ChatGPT: The activity being described, where a product security analyst reviews design changes at specific intervals, recommends changes, and checks for changes at subsequent checkpoints, is often referred to as "Security Design Review" or "Security Architecture Review." I would go for "Code review". Security Regression Testing is a testing process that focuses on identifying and mitigating security vulnerabilities introduced into a software application or system during the development and maintenance phases. It is a specialized form of regression testing that specifically targets security-related issues.
Correct CompTIA is playing with us again. CompTIA uses words in the statement to confuse. The solution is in the statement. The answer is clearly C... https://owasp.org/www-pdf-archive/OWASP_Code_Review_Guide_v2.pdf
D. Security regression testing. Security regression testing is a type of testing that focuses on identifying security vulnerabilities or weaknesses that may have been introduced or re-introduced into a system as a result of design changes, updates, or modifications. It aims to ensure that the security posture of the system has not regressed or deteriorated after changes have been made.
I'm voting for DDDDDDDDDDDDDDDDDDDDDDDD
Full ack
Definitely C after re-reading it a couple of times. Recommending changes is what sticks out to me.

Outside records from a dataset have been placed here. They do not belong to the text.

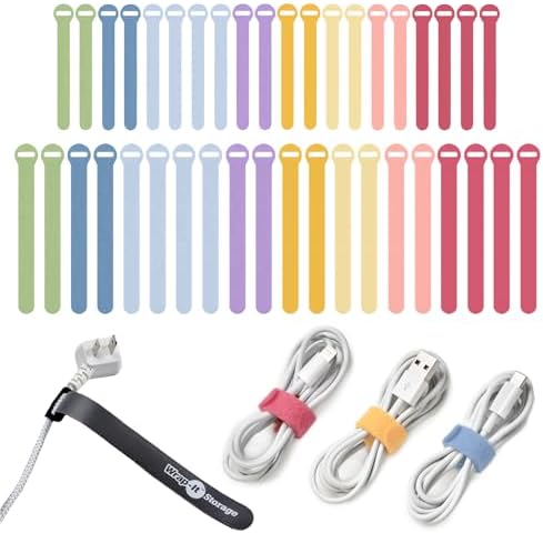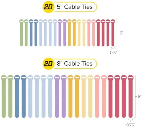 Self-Gripping Cable Ties by Wrap-It Storage, Macaron, 40 Pack (5 Inch and 8 Inch Straps) – Reusable Hook and Loop Cord Wraps for Home Office Desk Organization
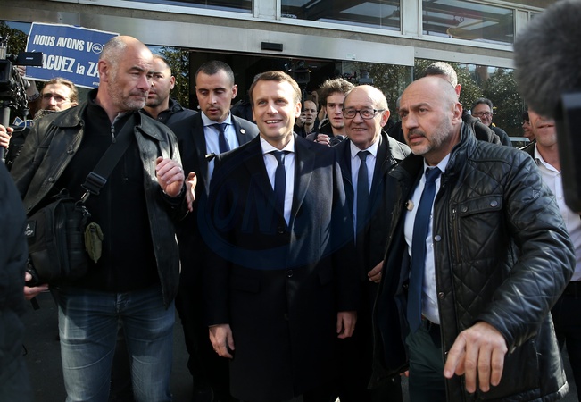 Emmanuel Macron w pociagu, w drodze na spotkanie w Nantes
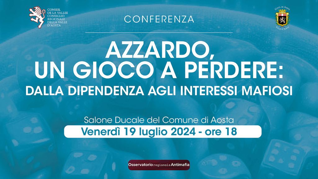Nell'ambito delle attività di informazione dell'Osservatorio regionale permanente sulla legalità e sulla criminalità organizzata e di tipo mafioso istituito dal Consiglio Valle, venerdì 19 luglio alle ore 18, nel Salone Ducale del Comune di Aosta, si terrà l'incontro pubblico 'Azzardo, un gioco a perdere: dalla dipendenza agli interessi mafiosi'.

If it were regression testing, it would be testing to see if changes to the code caused features or functionality to degrade, specifically for this, security features. Code review seems to be the closest thing to what they're describing.

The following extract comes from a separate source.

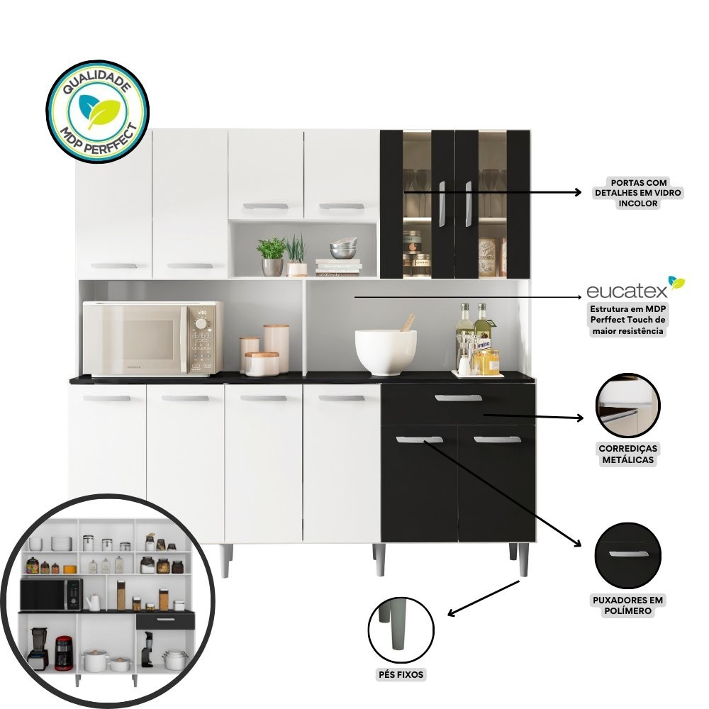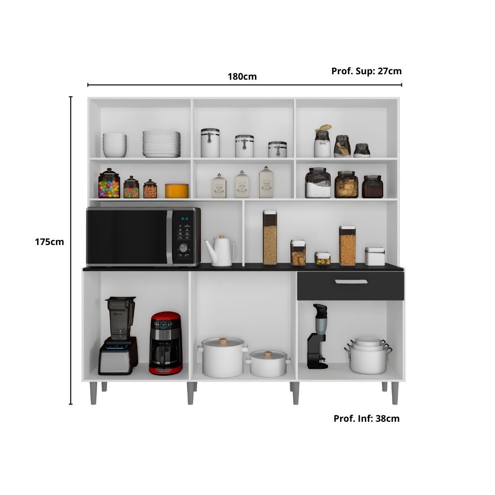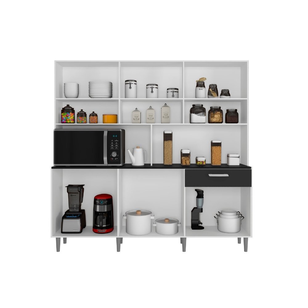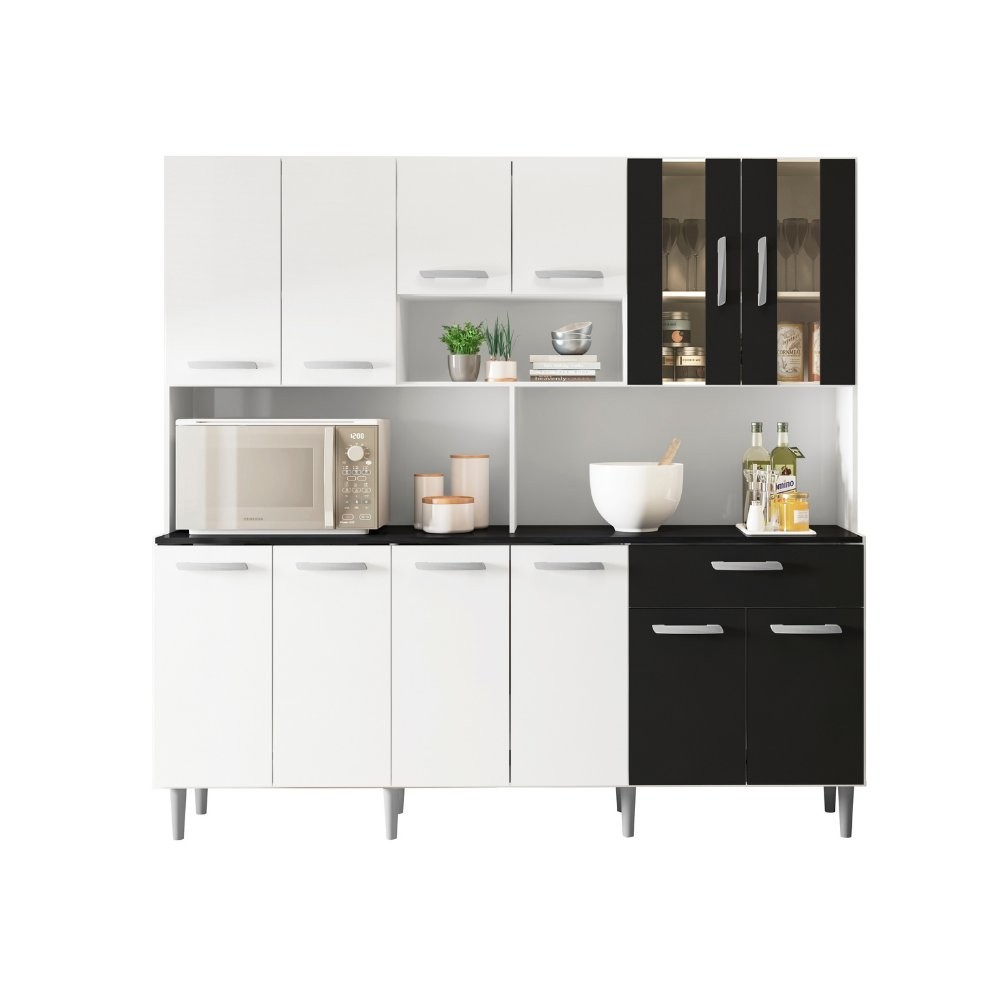Armário de Cozinha 12 Portas 1 Gaveta Clara Yescasa Branco/Preto

Keyword: Security analyst. Not a software developer. Code reviewing is out of the question. I'd go with D.
The activity being described is "Security regression testing." This involves reviewing design changes at specific intervals for security deficiencies, recommending changes, and checking for changes at subsequent checkpoints to ensure that new updates or modifications do not introduce security vulnerabilities or regressions in the security posture of the product. Therefore, the correct answer is: D. Security regression testing
A code review is a process that involves examining and evaluating the source code of a software application or system for security deficiencies, errors, bugs, or vulnerabilities. A code review can help improve the quality and security of the software product by identifying and fixing issues before they become operational problems. A code review is part of the evaluation and validation of a new product’s security capabilities. User acceptance testing, stress testing, or security regression testing are other types of testing that can be used to evaluate and validate a new product’s security capabilities, but they do not involve reviewing design changes at specific intervals for security deficiencies. Reference: https://www.synopsys.com/blogs/software-security/code-review/
Security regression testing involves reviewing design changes at specific intervals to ensure that new changes do not introduce security vulnerabilities or deficiencies and verifying that security measures are still effective after each change.

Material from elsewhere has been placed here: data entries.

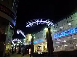 It was announced in February 2007 that the complex was to be redeveloped by then owners Targetfollow, at an estimated cost of £100 million.[11] The development was to have been completed by 2010. The proposals were designed as a part of Stockport Council's 'Future Stockport' masterplan.[12] The redevelopment plans have been put on hold following the financial crisis, as of 2010 development has not commenced.[13] The redevelopment plans include construction of a multi-storey car park, adding of a more significant retail element to the complex and a Travelodge hotel.[3] In total the redevelopment will add 400,000 sq ft (37,000 m2) to the scheme and nearly triple the car parking spaces to 1,500. It will also include 200 residential apartments and improved public spaces.[2] The planning application was submitted in July 2007.The planning application was successful and outline planning permission for the entire scheme was granted.[12]
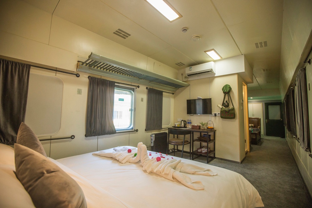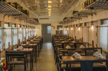 東方紅火車主題酒店由3列27節(jié)綠皮火車車廂組成,來自長春、沈陽等北方城市的綠皮火車經(jīng)過著名設(shè)計(jì)師的改造已經(jīng)成了國內(nèi)為數(shù)不多的火車主題酒店,一共73間火車客房和1個(gè)火車餐廳。酒店以橫鋼50年代金千鐵路舊址作為切入點(diǎn),利用火車枕木鋪設(shè)人行游步道,結(jié)合溫泉,形成了真正的VIP溫泉客房。走進(jìn)綠皮火車,你會(huì)發(fā)現(xiàn)原先的車廂已經(jīng)被很好地設(shè)計(jì)成了宜居的客房,書桌、衛(wèi)生間、電視、暖氣一應(yīng)俱全,還能在墻上看到年代感的背包/水壺/帽子的裝飾。
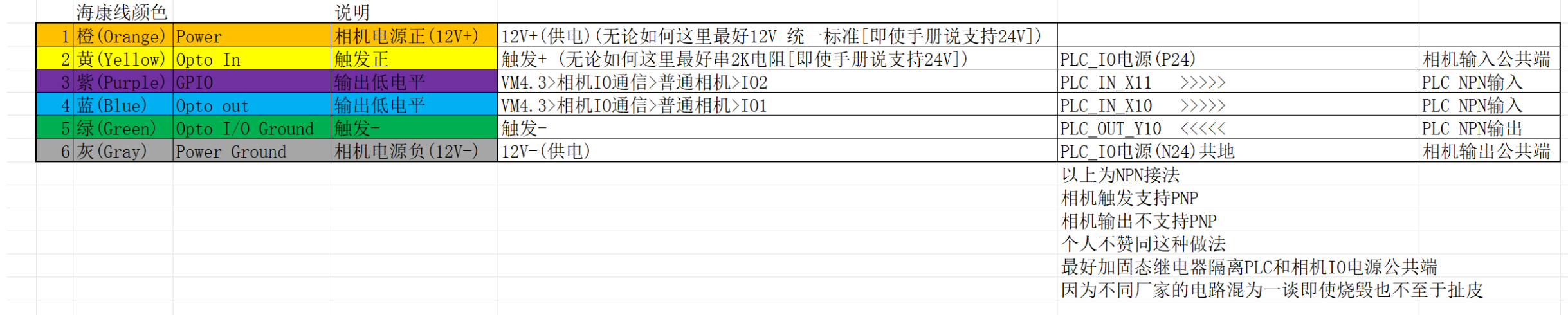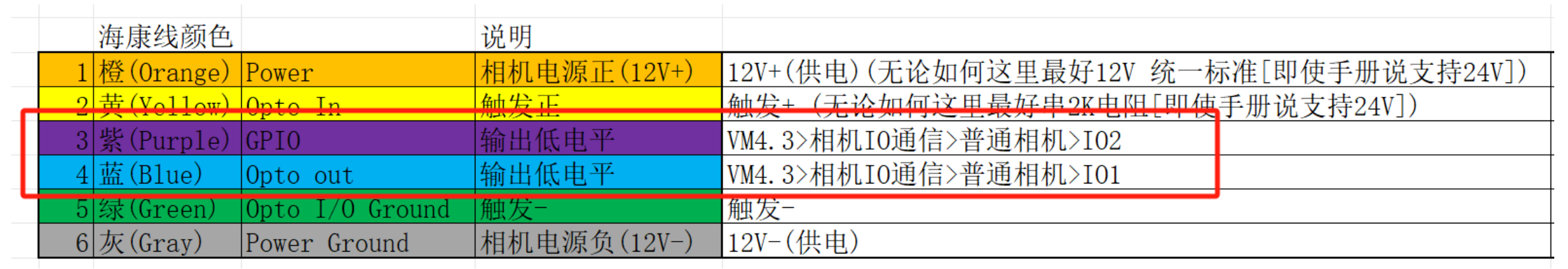 上面完整利用相机所有IO, 1个输入2个输出[虽然3号紫线为可配置输入输出但是在VM里面只能作为输出且没有光耦隔离!!!(很危险)].
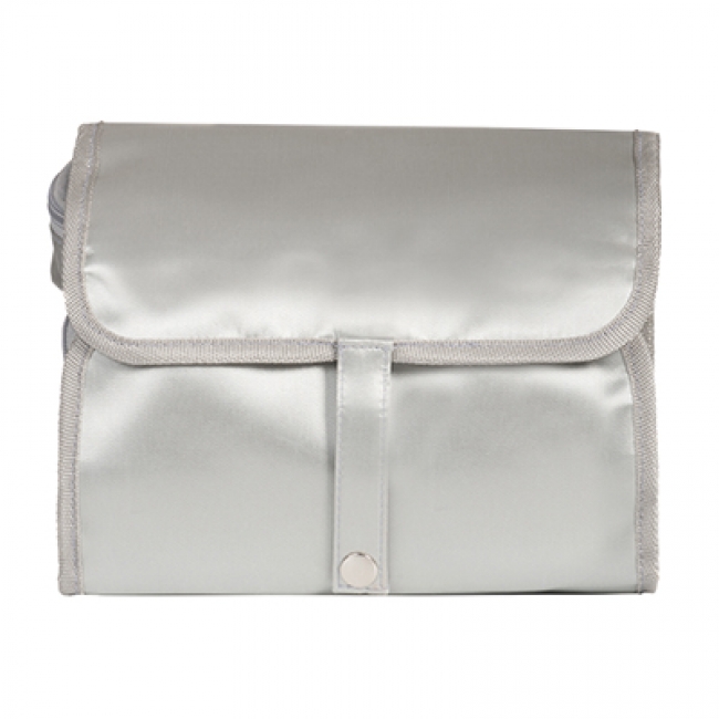 Beauty bag with hanger and a snap button closure. With 3 zippered main compartments, side mesh compartment and a detachable zippered case for storing. Includes an interior carrying handle.Content not included.

The question refers to a "new" product so I believe that is key. Regression testing focuses on testing to ensure that changes that have been made do not create new issues, and ensure that no new vulnerabilities, misconfigurations, or other issues have been introduced. A code review is part of the evaluation and validation of a new product’s security capabilities. User acceptance testing, stress testing, or security regression testing are other types of testing that can be used to evaluate and validate a new product’s security capabilities, but they do not involve reviewing design changes at specific intervals for security deficiencies
"reviewing design changes at specific intervals" that is done via debugger, which is considered an automated code review.
What is Regression Testing? Regression Testing is a type of testing that is done to verify that a code change in the software does not impact the existing functionality of the product. This is to ensure that the product works fine with new functionality, bug fixes or any changes to the existing feature. Previously executed test cases are re-executed in order to verify the impact of the change.